## Exercise details
Exact duplicates of the lines from the top of the data through the line containing "Our Ryolite Stars" are needed, with every picture left out.

## Source data
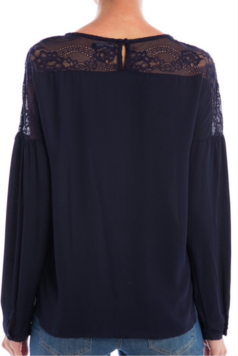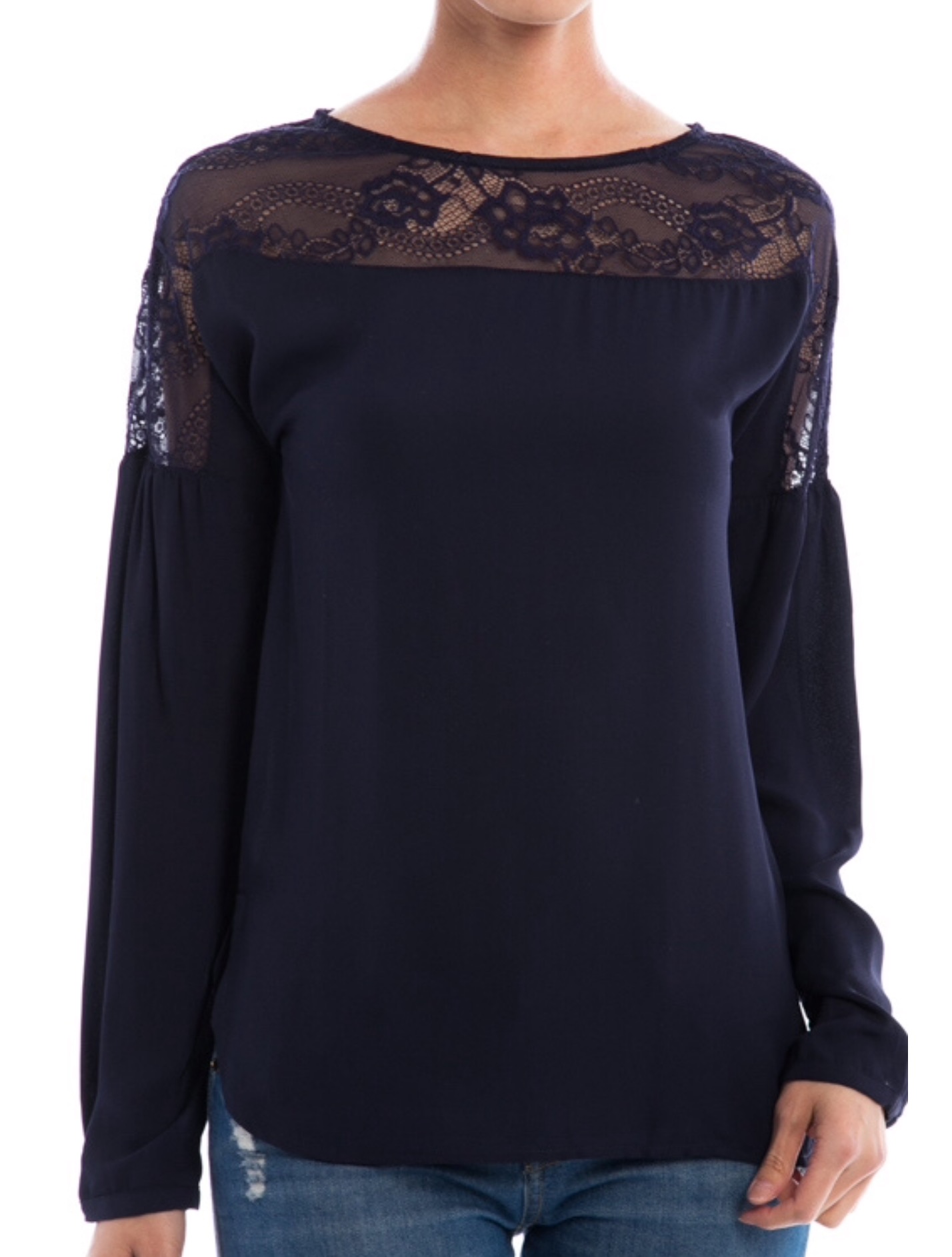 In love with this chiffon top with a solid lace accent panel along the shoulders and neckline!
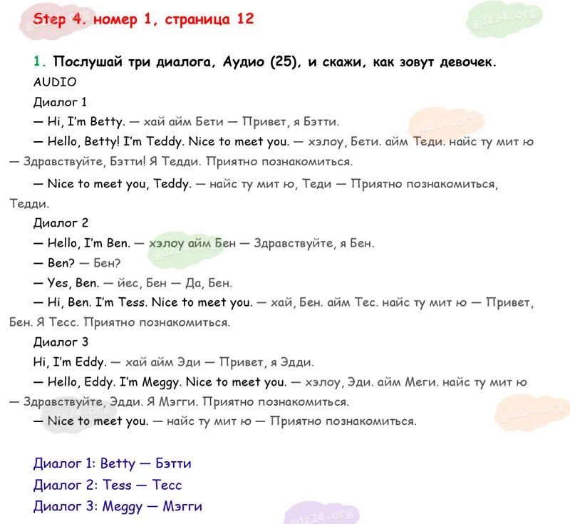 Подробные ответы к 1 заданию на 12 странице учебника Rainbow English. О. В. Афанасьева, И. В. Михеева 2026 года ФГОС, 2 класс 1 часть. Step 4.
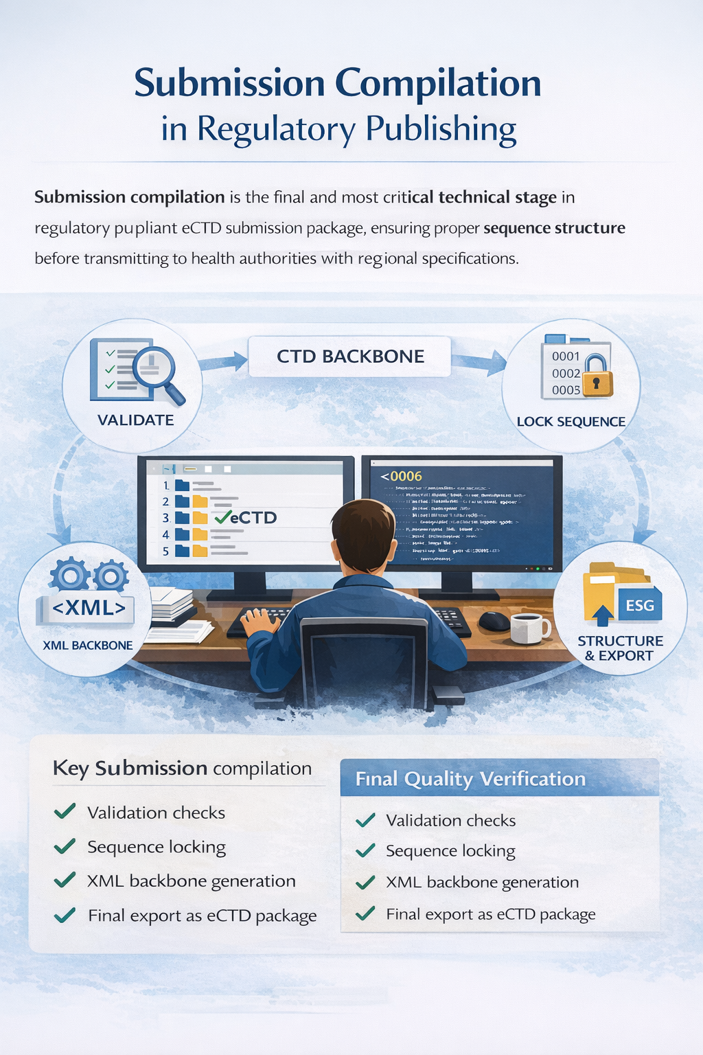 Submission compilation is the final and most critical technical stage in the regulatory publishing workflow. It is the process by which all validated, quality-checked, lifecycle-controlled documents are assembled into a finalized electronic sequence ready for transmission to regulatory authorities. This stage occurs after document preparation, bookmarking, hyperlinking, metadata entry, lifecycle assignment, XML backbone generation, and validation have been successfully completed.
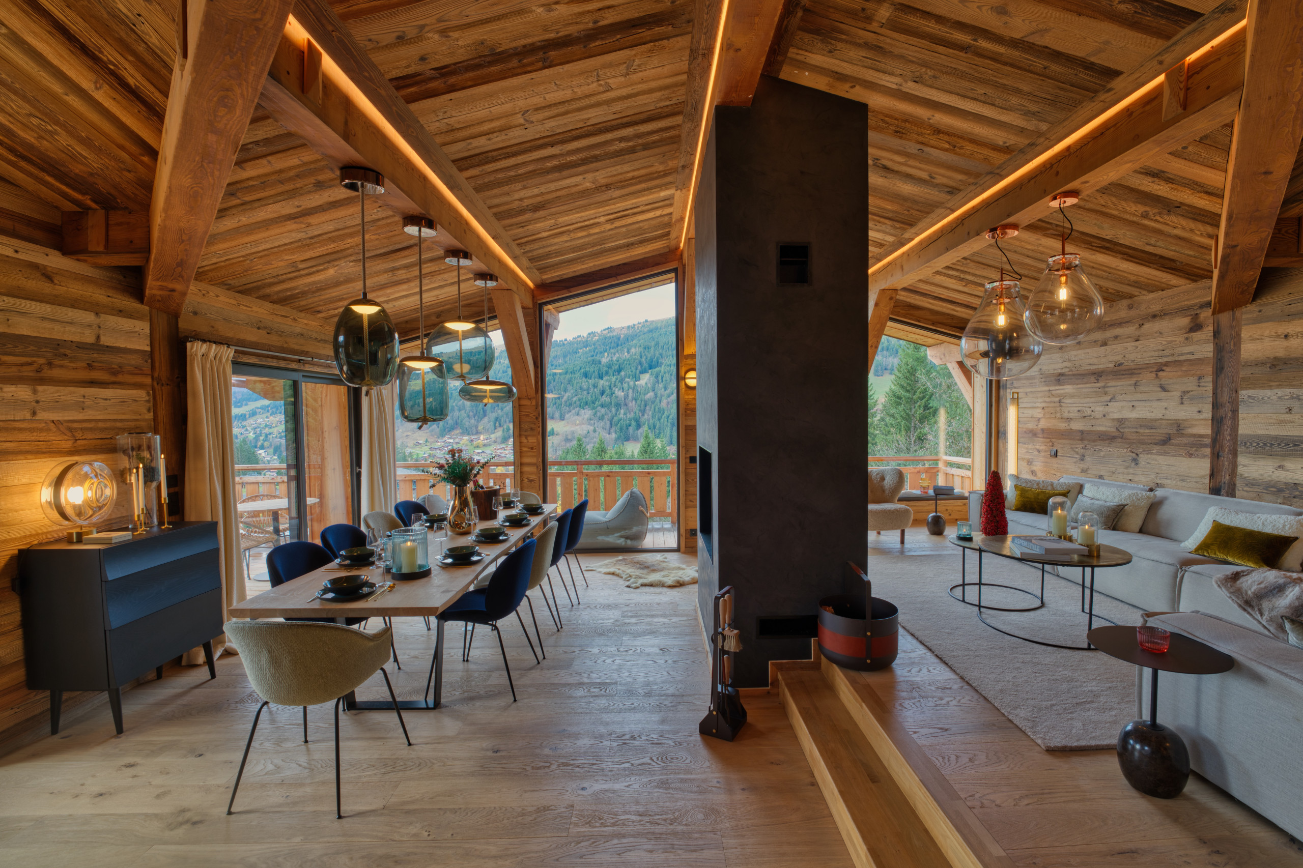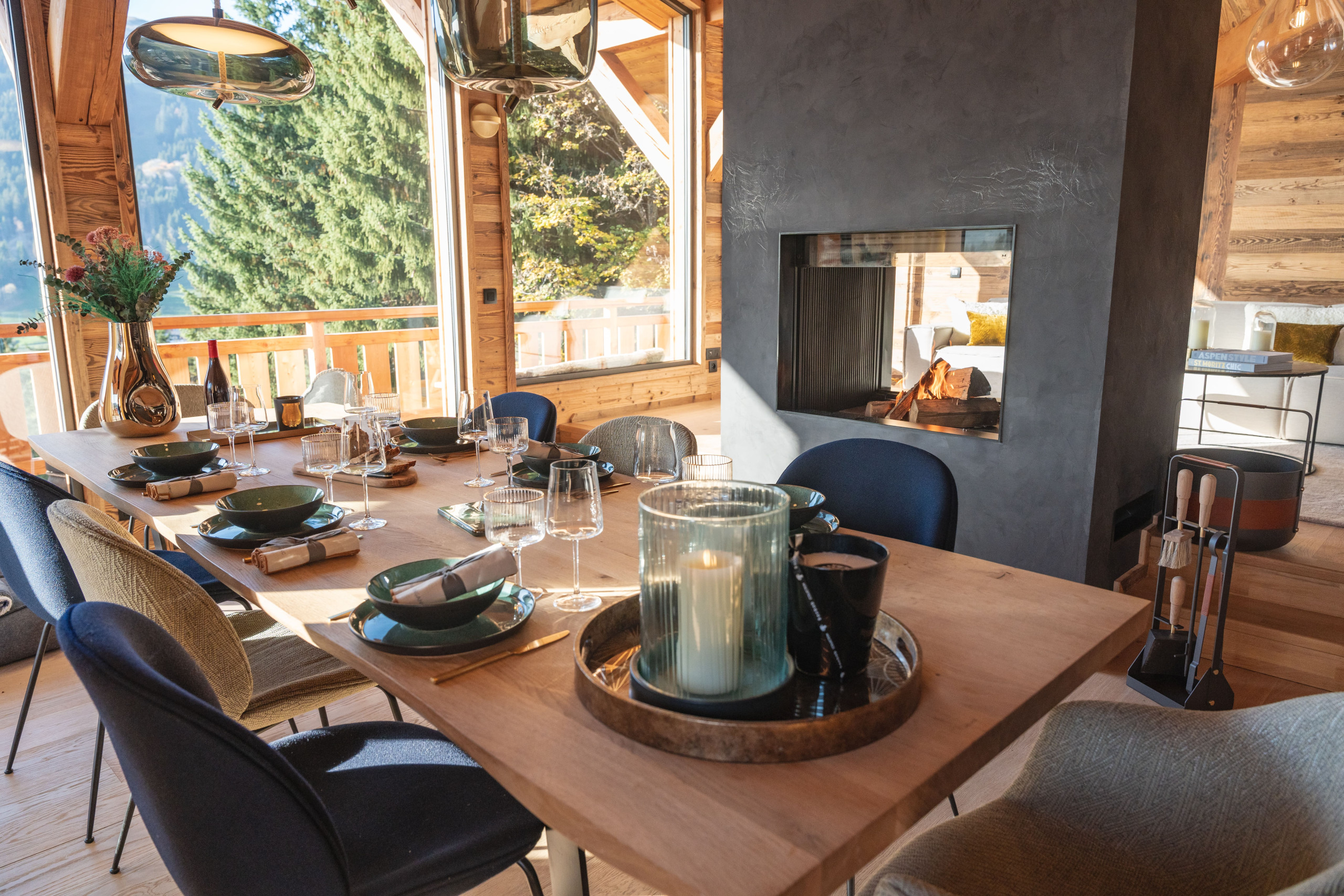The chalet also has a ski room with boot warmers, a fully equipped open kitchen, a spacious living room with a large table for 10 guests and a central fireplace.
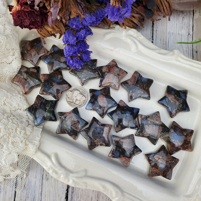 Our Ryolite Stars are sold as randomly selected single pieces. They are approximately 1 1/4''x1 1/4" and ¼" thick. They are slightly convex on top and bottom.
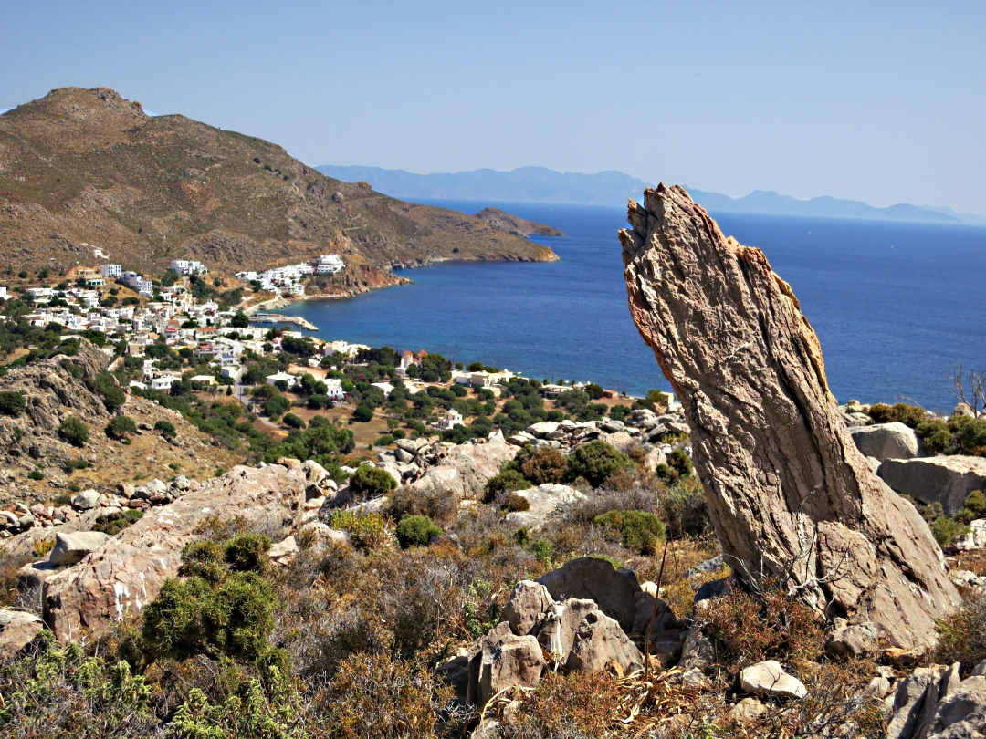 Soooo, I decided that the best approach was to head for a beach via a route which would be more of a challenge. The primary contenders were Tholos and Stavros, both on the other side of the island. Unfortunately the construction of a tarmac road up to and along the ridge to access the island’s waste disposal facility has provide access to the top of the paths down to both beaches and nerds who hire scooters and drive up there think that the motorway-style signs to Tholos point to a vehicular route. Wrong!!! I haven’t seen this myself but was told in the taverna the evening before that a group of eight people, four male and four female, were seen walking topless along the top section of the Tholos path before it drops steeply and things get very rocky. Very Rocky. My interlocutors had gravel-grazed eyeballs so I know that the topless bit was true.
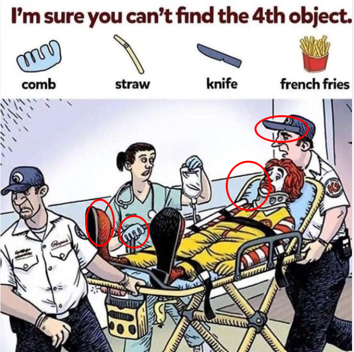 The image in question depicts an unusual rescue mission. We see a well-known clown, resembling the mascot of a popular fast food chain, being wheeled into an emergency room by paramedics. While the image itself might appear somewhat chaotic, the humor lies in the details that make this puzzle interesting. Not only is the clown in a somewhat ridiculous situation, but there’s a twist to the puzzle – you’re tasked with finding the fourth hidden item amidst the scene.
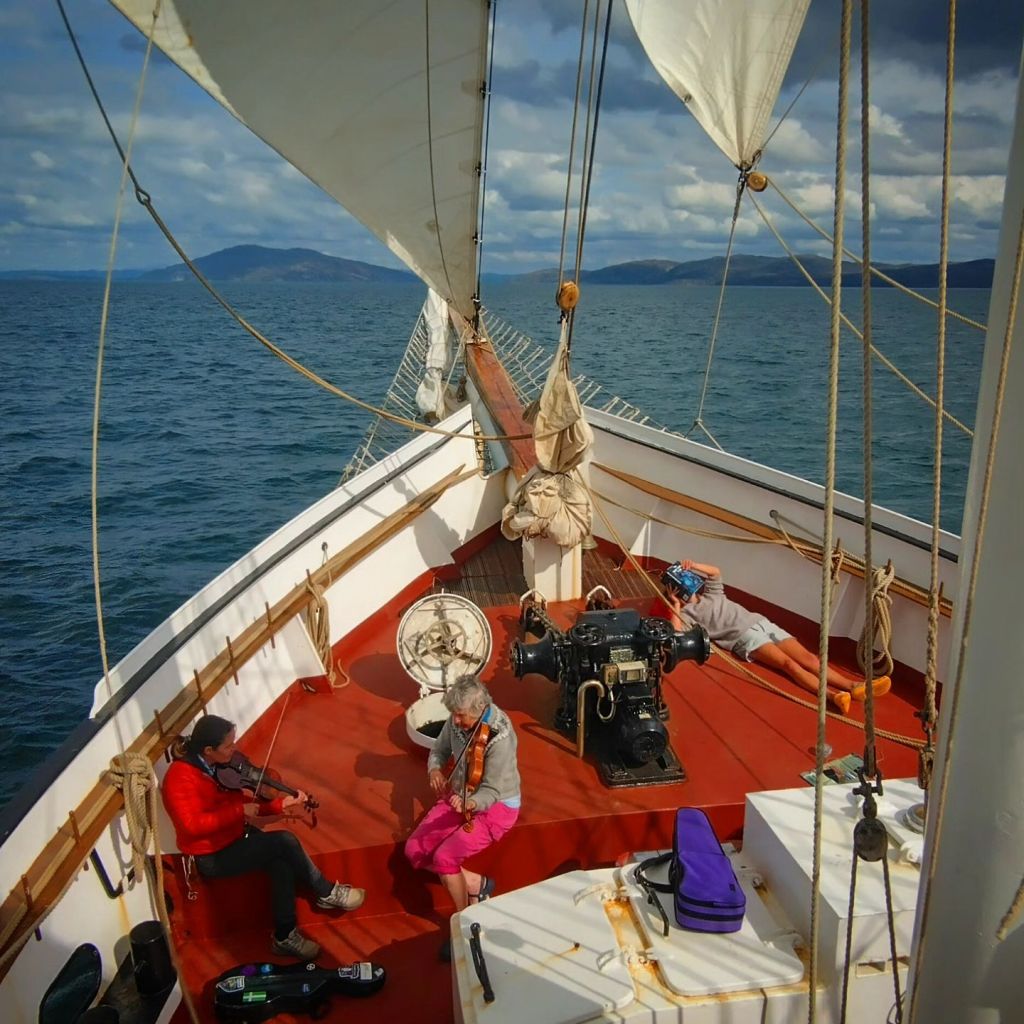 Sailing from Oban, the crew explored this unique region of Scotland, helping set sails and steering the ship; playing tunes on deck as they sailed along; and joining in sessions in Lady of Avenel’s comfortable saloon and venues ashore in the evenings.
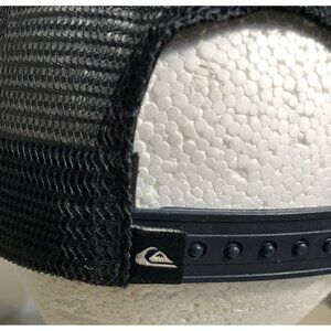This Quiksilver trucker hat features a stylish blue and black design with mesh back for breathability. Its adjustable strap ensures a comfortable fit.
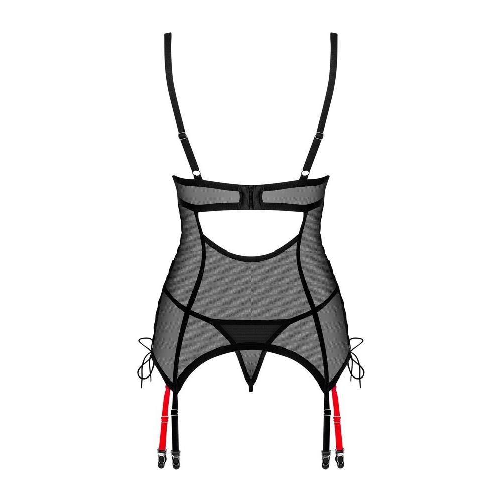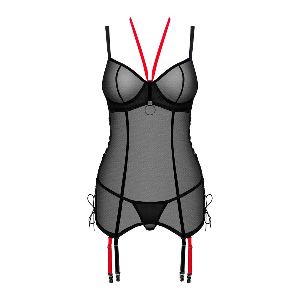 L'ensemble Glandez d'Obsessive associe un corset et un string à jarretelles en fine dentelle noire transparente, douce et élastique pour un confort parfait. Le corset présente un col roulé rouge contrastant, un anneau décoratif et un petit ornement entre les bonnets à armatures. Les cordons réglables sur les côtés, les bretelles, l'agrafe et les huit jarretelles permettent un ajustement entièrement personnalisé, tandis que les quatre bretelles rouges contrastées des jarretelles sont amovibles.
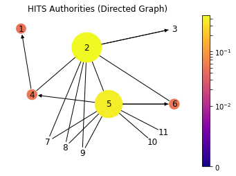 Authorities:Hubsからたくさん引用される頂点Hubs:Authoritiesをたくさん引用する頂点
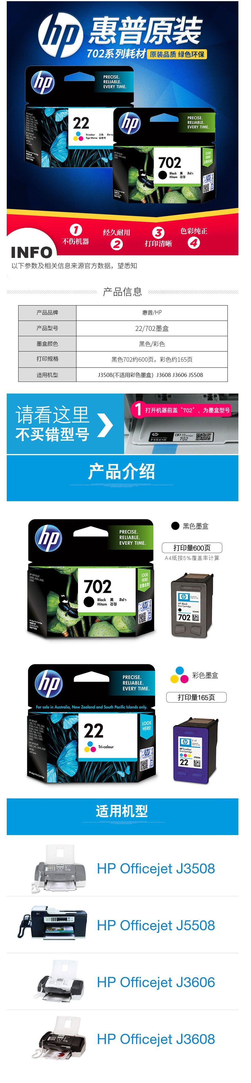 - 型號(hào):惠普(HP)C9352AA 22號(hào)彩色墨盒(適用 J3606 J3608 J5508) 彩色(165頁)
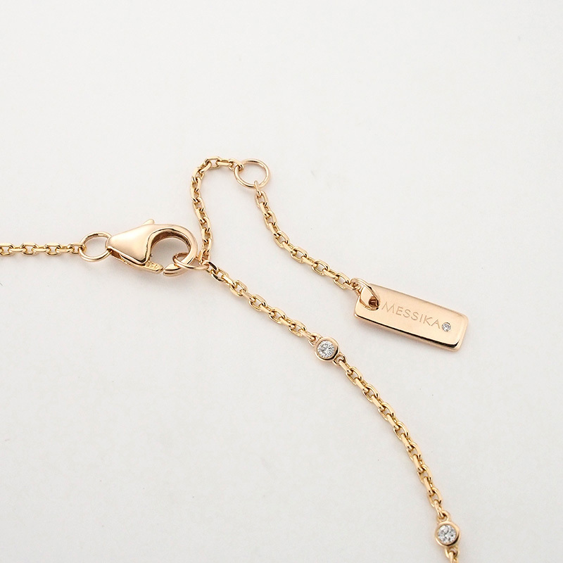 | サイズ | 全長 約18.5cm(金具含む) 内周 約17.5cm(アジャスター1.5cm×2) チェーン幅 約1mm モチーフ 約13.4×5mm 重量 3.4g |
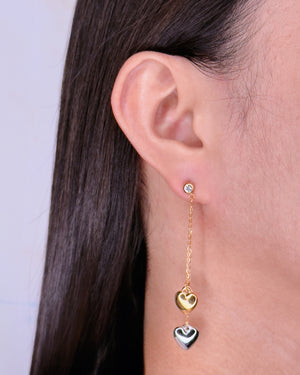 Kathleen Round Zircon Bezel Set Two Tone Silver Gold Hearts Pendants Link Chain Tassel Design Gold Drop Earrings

## Solution to this problem
 In love with this chiffon top with a solid lace accent panel along the shoulders and neckline!
 Подробные ответы к 1 заданию на 12 странице учебника Rainbow English. О. В. Афанасьева, И. В. Михеева 2026 года ФГОС, 2 класс 1 часть. Step 4.
 Submission compilation is the final and most critical technical stage in the regulatory publishing workflow. It is the process by which all validated, quality-checked, lifecycle-controlled documents are assembled into a finalized electronic sequence ready for transmission to regulatory authorities. This stage occurs after document preparation, bookmarking, hyperlinking, metadata entry, lifecycle assignment, XML backbone generation, and validation have been successfully completed.
The chalet also has a ski room with boot warmers, a fully equipped open kitchen, a spacious living room with a large table for 10 guests and a central fireplace.
 Our Ryolite Stars are sold as randomly selected single pieces. They are approximately 1 1/4''x1 1/4" and ¼" thick. They are slightly convex on top and bottom.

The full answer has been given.